Pour une autre histoire de la psychologie

Tout est tout, par conséquent rien n’est rien si ce n’est le néant et encore !
A. Huxley

 

 

 

Elle, sur une branche posée, pense à lui. Lui, se fraie un chemin droit et sûr ; il sort de l'eau et entame la sérénade. Le paon fait la roue, enfourche son vélo et emballe la belle. Mille fois mille ans et des poussières.

On se fait un resto ?
Avec gourmandise mon amour.

Groom, ascenseur, table. Madame, décoiffée par la bicyclette, front intelligent, lunettes sans monture, nez fin, bouche rouge, chemise à col blanc, un jean et une paire de ces prodigieusement lourdes Docteur Martens bordeaux lui assurant une prise indéboulonnable d'avec la réalité, s'assoit comme l'on enfonce un clou. Monsieur, dégarni, lunettes avec smart technologie embarquée, rasé de prêt, t-shirt thermo-régulé, boucle de ceinture d'une capacité de 20 yotta octets, shorts et claquettes, ne s'en émeut pas.

Comment ta journée ?
Bien ! Et toi ?
Bien.
Ces Messieurs-Dames?
Nous prendrons deux salades de documents historiques sauce piquante.
Alors que de la Tamise dégringolaient quelques illuminations d'un feu couvant, rien ne laisser pressentir, calculer, futurer, pareille injonction.
Mon amour, ce soir nous nous accouplons.
Pardon ?

Rappel : Madame est psycho-pathologue, spécialisée dans l'assistanat informatique aux troubles du langage et Monsieur est informaticien, spécialisé dans la sécurité des grands systèmes.

Cet après-midi j'ai fait une découverte fondamentale : la psychologie n'a jamais existé !
Je te l'ai toujours dit, ces cerveaulogues ne sont que des branleurs neuroniques.

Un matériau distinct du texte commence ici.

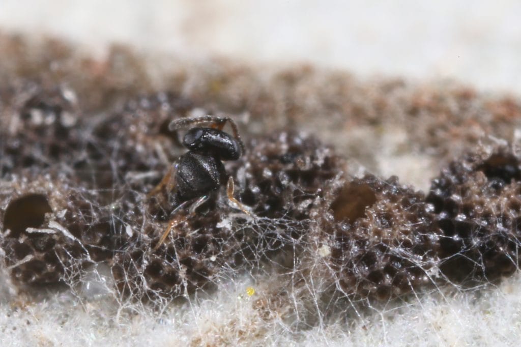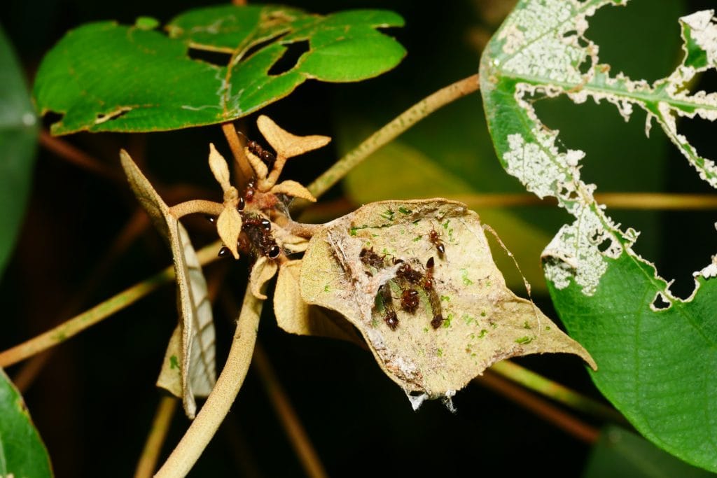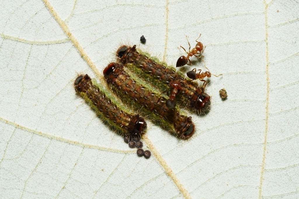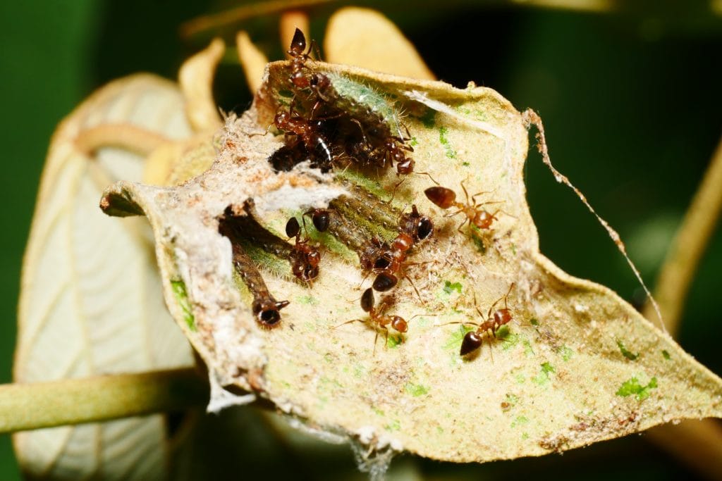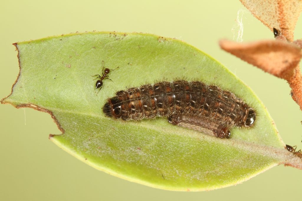 除了美麗親民的成蝶,幼蟲的生態也令人著迷,因為食性廣範許多科的植物都有攝食,但是要尋得幼生期得請螞蟻帶路。第一次接觸是蝴蝶老師帶領我們在三峽山區的一所學校尋寶,桂花樹上的大葉桑寄生有個舉尾蟻巢,大葉桑寄生厚實的葉片被啃的缺角斑駁,雖然表面上看不出所以然,但是專家帶路已經了然於胸。在他的指示下,我們翻開葉片包覆的蟲巢,果然看到了精彩的幼蟲,螞蟻進進出出好似母親安撫寶寶一般,有科學論文證實,有舉尾蟻照料時可以提升幼蟲的存活率。

Très drôle de la part de quelqu'un qui se tape dix heures de film de cul par semaine! Cesse d'ironiser et écoute-moi attentivement. De mon point de vue, la psychologie n'a jamais existé, ou alors si peu et surtout si peu de temps.
Je t'ai souvent répété que la principale tare de la science psychologique était son jeune âge. On peut s'entendre par exemple pour dire qu'elle naît grosso modo en 1873. Elle naît, non dans la tête d'un « cerveaulogue » (on ne peut être déjà de la science que l'on vient d'inventer) ou bien encore d'un philosophe ; mais sous le microscope d'un biologiste : l' italien Camillo Golgi. La psychologie est née avec la découverte des cent milliards de neurones (réalisant peut être dix mille connexions chacun). Nietzsche s'en est rapidement emparé, Freud a suivi, et très vite les premiers laboratoires expérimentaux ont vu le jour.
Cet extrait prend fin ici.